System Observability

System Observability: The Different Demands

We have had a considerable drive with innovation that has spawned several megatrends that have affected how we manage and view our network infrastructure and the need for observability. In reality, we have seen the decomposition of everything, from one to many. Many services and dependencies in multiple locations need to be managed and operated instead of the monolithic where everything is generally housed internally. The megatrends have resulted in a dynamic infrastructure with new failure modes not seen in the monolithic forcing us to look a different system observability tools and practices.

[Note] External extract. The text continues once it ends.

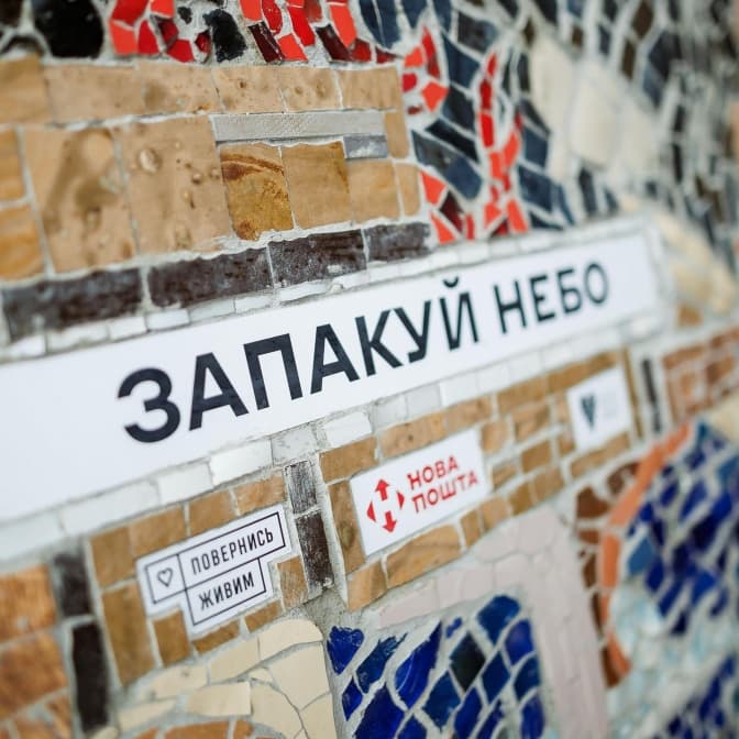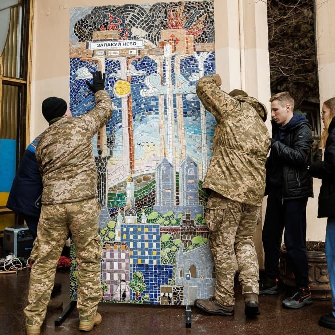 У Києві на Поштовій площі біля входу до фунікулера встановили мозаїчне панно «Запакуй небо» на честь Протиповітряної оборони України. Про це повідомляє студія мозаїки «Цілісно».

There has also been a shift in point of control. We move towards new technologies, and many of these loosely coupled services or infrastructure your services lay upon are not directly under your control. The edge of control has been pushed, creating different types of network and security perimeters. These parameters are now closer to the workload than a central security stack. Therefore the workloads themselves are concerned with security. For a more detailed explanation of these changes that drive the need for good observability and how they may effect you, a full 2-hour course I did for Pluralsight on DevOps Operational Strategies can be found here: DevOps: Operational Strategies.

 

System Observability Design

Diagram: System Observability Design.

 

  • How This Affects Failures

The major issue that I have seen with my clients is that application failures are no longer predictable, and the dynamic systems can fail in very creative ways challenging existing monitoring solutions. But, more importantly, the practices that support them. We have a lot of partial failures that are not just unexpected but not known or ever seen before. For example, if you recall, we have the network hero. 

 

  • The Network Hero

It is someone that knows every part of the network and has seen every failure at least once before. They are no longer useful in today’s world, and you need proper Observability. When I was working as an Engineer, we would have plenty of failures, but more than likely, we would have seen them before. And there was a system in place to fix the error. Today’s environment is much different. We can no longer rely on simply seeing either a UP or Down and setting static thresholds and then alerting based on those thresholds. A key point to note at this stage is that none of these thresholds consider the customer’s perspective.  If your POD is running at 80% CPU, does that mean the customer is unhappy? When looking to monitor, you should look from your customer’s perspective and what matters to them. Content Delivery Network (CDN) was one of the first to realize this game and measure what matters most to the customer.

 

The Different Demands

So the new modern and complex distributed systems place very different demands on your infrastructure and the people that manage the infrastructure.  For example, in microservices, there can be several problems with a particular microservice:

    • The microservices could be running under high resource utilization and therefore slow to respond, causing a timeout
    • The microservices could have crashed or been stopped and is therefore unavailable
    • The microservices could be fine, but there could be slow-running database queries.
    • So we have a lot of partial failures. 

 

Therefore: We Can No Longer Predict

The big shift we see with software platforms is that they are evolving much quicker than products and paradigms that we are using, for example, to monitor them. As a result, we need to consider new practices and technologies with dedicated platform teams along with good system observability. We really can’t predict anything anymore, which puts the brakes on some traditional monitoring approaches, especially the metrics-based approach to monitoring. I’m not saying that these monitoring tools are not doing what you want them to do. But, they work in a siloed environment, and there is a lack of connectivity. So we have monitoring tools working in silos in different parts of the organization and more than likely managed by different people trying to monitor a very dispersed application with multiple components and services in various places. 

 

Diagram: Prometheus Monitoring: Link to YouTube video.

 

  • Relying On Known Failures: Metric-Based Approach

A metrics-based monitoring approach relies on having encountered known failure modes in the past. The metric-based approach relies on known failures and predictable failure modes. So we have predictable thresholds that someone is considered to experience abnormal.  Monitoring can detect when these systems are either over or under the predictable thresholds that are previously set. And then, we can set alerts and hope that these alerts are actionable. This is only useful for variants of predictable failure modes.  Traditional metrics and monitoring tools can tell you any performance spikes or notice that a problem occurs. But they don’t let you dig into the source of problems and let us slice and dice or see correlations between errors. If the system is complex, this approach is harder to get to the root cause in a reasonable timeframe.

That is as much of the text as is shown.